Foi colega de armas do Xanana Gusmão nas montanhas de Timor.
O Zé Horta, espertinho que sempre o haja sido, aproveitou o nome do Xanana, para se "armar" aos câgados que ele (o HOrta) era o verdeiro defensor do povo timorense.
Depois o Zé meteu a pata na poça e não fez "porrinha" nenhuma em favor do Povo.
Porém o Zé Horta não desarma e mesmo depois de ter fracassado nas posições de Ministro dos Negócios Estrangeiros e Primeiro-Ministro, ainda consegue ser eleito Presidente da República!
Aí vai pró Zé: vê lá se fazes umas m******* agora, porque até agora não fizeste nada a não ser soprares "paleio" barato!
Um Nobel da Paz é um homem com nobreza e até agora ainda a não te vimos.
E lembra-te ó Zé que Timor não é uma horta e tu o hortelão que a trata e o dono dela!
Zé Granjola

Margarida said...

A cada conto acrescentam um ponto. Agora para a MetroTV a crise começou “com uma luta entre soldados e polícias que tentaram impedir a entrada deles na cidade” e o estupor coitado “tentou ultrapassar o problema” para vir a ser acusado de ser “o cérebro da rebelião”.

Mas o dito “cérebro” afinal nem percebe porque lhe chamam “fugitivo”. De repente o “cérebro” ficou amnésico. Esqueceu-se quando em 3 de Maio do ano passado fugiu de Díli (quando se lembrou que não tinha o papelinho), esqueceu-se depois que em 30 de Agosto fugiu da prisão de Bécora; e tornou-se a esquecer quando em Março fugiu de Same e dos seus cinco camaradas mortos.

E a amnésia chega ao ponto de se esquecer que tanto ele como o RH e o XG estão ao serviço dos Australianos, quando os acusa de tentarem reintroduzir o “comunismo” em TL e nem muitos dias depois de ter visto o RH a votar com o Cristo na pança.
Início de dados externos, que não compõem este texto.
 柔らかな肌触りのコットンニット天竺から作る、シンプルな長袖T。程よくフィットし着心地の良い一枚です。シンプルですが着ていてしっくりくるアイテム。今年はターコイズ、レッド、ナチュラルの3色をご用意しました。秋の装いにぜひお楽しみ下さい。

E até se esqueceu que na semana passada jurava que era a Fretilin que o queria morto.

E lembrar-me eu das visitas que teve do RH como MNE, Ministro da Defesa e PM, e das vezes que foi recebido pelo XG, e dos encontros com o Embaixador dos USA, Ian Martin, Comandantes das tropas Australianas, Representantes do Secretário-Geral, Longuinhos, Bispos, padres, e sei lá mais quem!
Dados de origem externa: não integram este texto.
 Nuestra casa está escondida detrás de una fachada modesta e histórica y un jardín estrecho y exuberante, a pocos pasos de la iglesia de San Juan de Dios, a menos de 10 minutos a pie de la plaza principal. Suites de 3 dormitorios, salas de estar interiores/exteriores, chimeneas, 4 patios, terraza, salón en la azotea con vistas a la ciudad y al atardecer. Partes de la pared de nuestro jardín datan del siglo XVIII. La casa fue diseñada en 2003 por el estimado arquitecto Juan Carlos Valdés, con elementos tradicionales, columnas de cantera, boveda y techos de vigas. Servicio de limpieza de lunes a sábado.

E das reportagens do Micael do Expresso que por lá andou a mando do Balsemão para transformar em "herói" este estupor.

Anonymous said...

O feitico voltou-se contra o feiticeiro e aquilo que parecia fava contadas agora sao ossos duros de roer. O alfredo nao e heroi de nada nem de ninguem e somente um peao que se deixou papar pelo bispo rainha e rei. Agora so lhe resta esperar pela sua sentenca e aguardar serenamente pelo veredicto das suas aventuras e devaneios.